Get Started with TEN Framework in 5 Minutes
A quick start guide to building your first real-time multi-language AI application with TEN Framework. Set up a voice transcription demo using Go, Python, and TypeScript in under 5 minutes.
Building real-time AI applications often means wrestling with complex architectures, language barriers, and integration headaches. The TEN Framework eliminates these pain points by letting you orchestrate multi-language extensions through a unified runtime—and you can have your first app running in under 5 minutes.
This guide walks through the quick start process using the transcriber demo, a real-world example that showcases Go for WebSocket handling, Python for speech recognition, and TypeScript for subtitle generation—all working together seamlessly.
Why TEN Framework?
Before diving into the setup, here's what makes TEN different:
Multi-Language by Design → Use the best tool for each job: Go for networking, Python for AI, TypeScript for UI logic
Real-Time First → Built-in support for audio/video streaming and low-latency data flows
Extension-Based → Modular architecture lets you swap components without rewriting your entire stack
Production Ready → Handles cross-language communication, memory management, and concurrency out of the box
The framework abstracts away the complexity of multi-language orchestration while preserving the performance characteristics of each language.
System Requirements
Before you begin, verify your system meets these requirements:
Supported Platforms
Linux (x64)
macOS Intel (x64)
macOS Apple Silicon (arm64)
Required Software
Python 3.10 → For AI extensions and speech processing
Go 1.20+ → For WebSocket and networking extensions
Node.js & npm → For frontend and TypeScript extensions
Quick Verification
Run these commands to check your setup:
python --version # Should show 3.10.x
go version # Should show 1.20 or higher
node --version # Should show recent version
Python Environment Setup
The guide recommends using virtual environments to avoid conflicts with system Python. You can use either pyenv or venv:
# Using pyenv
pyenv install 3.10
pyenv local 3.10
# Or using venv
python3.10 -m venv .venv
source .venv/bin/activate
Installation Process
Step 1: Install TEN Manager
The TEN Manager handles project creation, dependency management, and builds. Install it with a single command:
curl -fsSL https://get.theten.ai/install.sh | bash
After installation, verify it's in your PATH:
tman --version
If the command isn't found, add /usr/local/bin to your PATH:
export PATH="/usr/local/bin:$PATH"
echo 'export PATH="/usr/local/bin:$PATH"' >> ~/.bashrc # or ~/.zshrc
Step 2: Create Your First Project
Now generate the transcriber demo application:
tman create transcriber_demo
cd transcriber_demo
This scaffolds a complete project structure with all necessary configuration files, extension definitions, and the multi-language runtime graph.
Step 3: Install Dependencies
The framework needs to install two types of dependencies:
# Install TEN packages and programming language dependencies
tman install
This step typically takes 1-2 minutes and:
Downloads required TEN framework packages
Installs Python dependencies (speech recognition libraries)

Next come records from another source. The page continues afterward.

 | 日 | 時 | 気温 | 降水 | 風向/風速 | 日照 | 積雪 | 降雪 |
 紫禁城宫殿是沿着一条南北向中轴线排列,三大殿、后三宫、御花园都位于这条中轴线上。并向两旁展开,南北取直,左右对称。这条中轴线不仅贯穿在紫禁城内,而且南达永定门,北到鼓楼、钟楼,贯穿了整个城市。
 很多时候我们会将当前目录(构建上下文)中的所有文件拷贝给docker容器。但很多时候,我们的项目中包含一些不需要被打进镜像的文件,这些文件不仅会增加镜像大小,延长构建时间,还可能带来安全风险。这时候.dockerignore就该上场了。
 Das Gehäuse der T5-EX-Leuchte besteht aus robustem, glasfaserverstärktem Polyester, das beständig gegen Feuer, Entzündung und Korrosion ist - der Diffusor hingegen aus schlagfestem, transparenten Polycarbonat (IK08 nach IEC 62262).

Sets up Go modules (WebSocket handling)
Configures TypeScript dependencies (subtitle generation)
Step 4: Build the Project
Compile all extensions across all languages:
tman build
The build process takes approximately 30 seconds and compiles:
Go extensions → Native binaries for WebSocket functions
Python extensions → Bytecode and dependency linking
TypeScript extensions → Transpiled JavaScript modules
Configuration
Before running the demo, you need to configure your speech service credentials. The transcriber demo uses Azure Speech Service by default.
Create Environment File
Create a .env file in your project root:
cp .env.example .env
Add Azure Credentials
Open .env and add your Azure Speech Service credentials:
AZURE_SPEECH_KEY=your_azure_speech_key_here
AZURE_SPEECH_REGION=your_region # e.g., eastus, westus2
Don't have Azure credentials? You can:
Sign up for a free Azure account (includes free tier for Speech Service)
Or swap in a different STT provider by modifying the extension configuration
Running Your First TEN Application
With everything configured, start the application:
tman start
The framework will:
Initialize the multi-language runtime
Load and connect all extensions (Go, Python, TypeScript)

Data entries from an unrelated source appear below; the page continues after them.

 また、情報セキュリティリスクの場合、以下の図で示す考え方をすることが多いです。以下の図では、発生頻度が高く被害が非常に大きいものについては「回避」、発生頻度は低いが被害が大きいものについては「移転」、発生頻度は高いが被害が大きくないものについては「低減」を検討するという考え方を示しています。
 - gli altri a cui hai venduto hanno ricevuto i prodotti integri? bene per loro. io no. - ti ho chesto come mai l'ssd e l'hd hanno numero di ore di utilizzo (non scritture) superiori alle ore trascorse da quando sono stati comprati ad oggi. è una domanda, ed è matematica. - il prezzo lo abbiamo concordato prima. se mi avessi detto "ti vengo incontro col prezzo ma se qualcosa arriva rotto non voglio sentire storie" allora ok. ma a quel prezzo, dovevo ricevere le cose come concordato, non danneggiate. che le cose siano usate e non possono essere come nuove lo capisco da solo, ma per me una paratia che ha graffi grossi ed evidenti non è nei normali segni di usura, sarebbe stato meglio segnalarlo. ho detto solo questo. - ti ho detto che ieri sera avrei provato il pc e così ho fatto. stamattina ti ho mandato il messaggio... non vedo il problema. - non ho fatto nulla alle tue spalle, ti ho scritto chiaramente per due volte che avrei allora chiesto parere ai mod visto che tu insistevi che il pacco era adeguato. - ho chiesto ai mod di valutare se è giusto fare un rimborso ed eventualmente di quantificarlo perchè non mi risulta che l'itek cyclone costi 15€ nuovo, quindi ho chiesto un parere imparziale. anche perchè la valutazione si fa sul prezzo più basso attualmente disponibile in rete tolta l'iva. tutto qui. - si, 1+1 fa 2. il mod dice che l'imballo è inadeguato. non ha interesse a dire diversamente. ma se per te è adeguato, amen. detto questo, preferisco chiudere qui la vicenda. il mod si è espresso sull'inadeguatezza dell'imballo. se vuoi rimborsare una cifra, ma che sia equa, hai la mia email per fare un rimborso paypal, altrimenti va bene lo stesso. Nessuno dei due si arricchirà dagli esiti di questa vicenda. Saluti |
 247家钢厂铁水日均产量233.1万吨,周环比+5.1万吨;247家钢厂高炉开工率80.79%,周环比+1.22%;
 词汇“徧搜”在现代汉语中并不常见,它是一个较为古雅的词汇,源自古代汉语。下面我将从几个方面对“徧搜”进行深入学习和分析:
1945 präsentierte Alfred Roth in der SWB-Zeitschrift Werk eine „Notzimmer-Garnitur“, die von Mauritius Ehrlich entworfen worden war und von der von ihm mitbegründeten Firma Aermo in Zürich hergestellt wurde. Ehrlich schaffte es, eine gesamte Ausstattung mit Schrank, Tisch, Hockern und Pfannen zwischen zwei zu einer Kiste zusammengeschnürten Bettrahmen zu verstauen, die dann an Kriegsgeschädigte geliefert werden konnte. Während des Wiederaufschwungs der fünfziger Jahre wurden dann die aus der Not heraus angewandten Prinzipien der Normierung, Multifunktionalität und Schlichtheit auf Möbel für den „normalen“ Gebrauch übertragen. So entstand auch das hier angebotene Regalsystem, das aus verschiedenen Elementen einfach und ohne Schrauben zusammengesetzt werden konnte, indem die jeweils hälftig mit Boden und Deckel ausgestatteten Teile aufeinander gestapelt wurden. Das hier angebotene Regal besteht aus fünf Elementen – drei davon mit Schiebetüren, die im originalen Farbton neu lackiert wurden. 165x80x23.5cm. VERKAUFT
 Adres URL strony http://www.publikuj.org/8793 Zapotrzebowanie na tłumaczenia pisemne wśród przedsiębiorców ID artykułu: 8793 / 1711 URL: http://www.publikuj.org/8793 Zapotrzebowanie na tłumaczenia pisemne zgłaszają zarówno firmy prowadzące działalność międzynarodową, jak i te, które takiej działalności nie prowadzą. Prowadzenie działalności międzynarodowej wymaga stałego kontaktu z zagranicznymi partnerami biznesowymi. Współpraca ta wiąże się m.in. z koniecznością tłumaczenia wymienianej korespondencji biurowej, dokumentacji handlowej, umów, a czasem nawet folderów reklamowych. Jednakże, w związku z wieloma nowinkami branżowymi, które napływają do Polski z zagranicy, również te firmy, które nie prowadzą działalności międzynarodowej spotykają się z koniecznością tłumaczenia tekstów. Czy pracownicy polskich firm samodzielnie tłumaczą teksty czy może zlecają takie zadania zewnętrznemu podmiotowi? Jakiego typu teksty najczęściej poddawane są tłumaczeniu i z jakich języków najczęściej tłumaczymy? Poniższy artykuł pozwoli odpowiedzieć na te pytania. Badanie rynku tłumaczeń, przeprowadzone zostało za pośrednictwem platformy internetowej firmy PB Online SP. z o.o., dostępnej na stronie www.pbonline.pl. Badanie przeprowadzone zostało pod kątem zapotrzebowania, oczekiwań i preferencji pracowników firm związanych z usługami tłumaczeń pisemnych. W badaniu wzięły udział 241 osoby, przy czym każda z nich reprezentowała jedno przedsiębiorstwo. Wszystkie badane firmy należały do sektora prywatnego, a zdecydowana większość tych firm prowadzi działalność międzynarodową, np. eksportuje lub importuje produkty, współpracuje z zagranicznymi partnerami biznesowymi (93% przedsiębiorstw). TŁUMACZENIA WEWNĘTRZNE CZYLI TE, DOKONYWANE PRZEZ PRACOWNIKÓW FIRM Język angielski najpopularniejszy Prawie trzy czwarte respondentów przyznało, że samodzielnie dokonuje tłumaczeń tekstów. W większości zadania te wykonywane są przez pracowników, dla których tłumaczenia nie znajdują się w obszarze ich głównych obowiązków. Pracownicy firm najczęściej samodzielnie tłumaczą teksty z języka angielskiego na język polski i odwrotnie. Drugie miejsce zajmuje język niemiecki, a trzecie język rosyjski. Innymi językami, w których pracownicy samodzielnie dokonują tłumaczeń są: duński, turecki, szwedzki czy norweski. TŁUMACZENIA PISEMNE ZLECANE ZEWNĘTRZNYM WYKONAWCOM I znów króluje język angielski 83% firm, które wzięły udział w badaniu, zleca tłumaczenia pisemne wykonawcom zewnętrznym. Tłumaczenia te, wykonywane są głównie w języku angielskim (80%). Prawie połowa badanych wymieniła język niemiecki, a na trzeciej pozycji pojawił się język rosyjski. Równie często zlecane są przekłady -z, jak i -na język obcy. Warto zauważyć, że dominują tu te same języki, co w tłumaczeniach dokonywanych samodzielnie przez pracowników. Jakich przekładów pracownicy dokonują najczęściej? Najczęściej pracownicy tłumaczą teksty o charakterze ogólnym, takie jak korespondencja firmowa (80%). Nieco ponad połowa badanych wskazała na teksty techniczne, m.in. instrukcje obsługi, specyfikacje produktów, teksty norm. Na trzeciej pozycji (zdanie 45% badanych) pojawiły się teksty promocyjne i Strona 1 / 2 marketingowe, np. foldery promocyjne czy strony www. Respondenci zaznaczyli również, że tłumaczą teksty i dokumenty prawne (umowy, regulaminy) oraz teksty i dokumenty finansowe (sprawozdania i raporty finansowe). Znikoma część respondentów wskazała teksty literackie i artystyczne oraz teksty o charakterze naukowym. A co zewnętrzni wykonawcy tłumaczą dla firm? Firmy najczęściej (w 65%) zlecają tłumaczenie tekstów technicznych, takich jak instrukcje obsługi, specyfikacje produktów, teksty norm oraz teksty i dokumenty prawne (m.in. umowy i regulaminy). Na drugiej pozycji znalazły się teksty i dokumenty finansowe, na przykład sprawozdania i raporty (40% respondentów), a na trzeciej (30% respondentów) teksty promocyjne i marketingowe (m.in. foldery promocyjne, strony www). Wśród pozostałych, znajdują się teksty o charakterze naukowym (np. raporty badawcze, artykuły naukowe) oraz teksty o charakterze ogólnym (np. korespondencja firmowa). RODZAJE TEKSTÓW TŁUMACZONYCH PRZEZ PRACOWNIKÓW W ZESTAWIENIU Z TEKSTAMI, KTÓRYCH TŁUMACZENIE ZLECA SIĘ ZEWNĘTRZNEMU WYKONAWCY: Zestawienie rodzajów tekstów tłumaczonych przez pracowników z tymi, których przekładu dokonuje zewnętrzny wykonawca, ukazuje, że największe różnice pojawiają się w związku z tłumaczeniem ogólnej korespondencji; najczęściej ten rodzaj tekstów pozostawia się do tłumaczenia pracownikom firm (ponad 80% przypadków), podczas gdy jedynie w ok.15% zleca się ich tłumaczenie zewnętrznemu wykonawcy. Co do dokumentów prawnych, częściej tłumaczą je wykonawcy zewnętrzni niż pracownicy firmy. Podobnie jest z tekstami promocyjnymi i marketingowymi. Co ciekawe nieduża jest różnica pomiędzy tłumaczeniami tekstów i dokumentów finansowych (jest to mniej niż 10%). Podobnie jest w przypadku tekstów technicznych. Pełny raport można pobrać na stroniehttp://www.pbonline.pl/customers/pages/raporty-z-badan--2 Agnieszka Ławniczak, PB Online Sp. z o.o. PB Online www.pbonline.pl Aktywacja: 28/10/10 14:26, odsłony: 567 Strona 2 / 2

Start the WebSocket server
Launch the web interface on port 8080
Access the Demo
Open your browser and navigate to:
http://localhost:8080
You should see the transcriber interface with two main features:
Real-Time Voice Transcription → Click to allow microphone access, then start speaking. Your speech appears as text in real-time.
Audio File Upload → Upload pre-recorded audio files and watch as subtitles are generated with timestamps.
Understanding the Demo Architecture
The transcriber demo showcases TEN's multi-language orchestration capabilities. Here's how data flows through the system:
┌─────────────────┐
│ Browser/Client │
└────────┬────────┘
│ WebSocket Audio Stream
▼
┌─────────────────┐
│ Go Extension │ ← WebSocket handling & audio routing
└────────┬────────┘
│ PCM Audio Frames
▼
┌─────────────────┐
│ Python Extension│ ← Azure Speech Recognition
└────────┬────────┘
│ Transcription Events
▼
┌─────────────────┐
│TypeScript Ext. │ ← Subtitle formatting & timestamps
└────────┬────────┘
│ Formatted Subtitles
▼
┌─────────────────┐
│ Browser/Client │
└─────────────────┘
Why This Architecture Matters
Go handles I/O → Efficient WebSocket connections and audio streaming
Python processes AI → Leverages Azure's Python SDK and ML libraries
TypeScript manages UI logic → Format subtitles, manage timestamps, handle display
Each component runs in its native runtime but communicates through TEN's unified messaging system. You get the performance of Go, the AI ecosystem of Python, and the web integration of TypeScript—without manual IPC, serialization, or protocol design.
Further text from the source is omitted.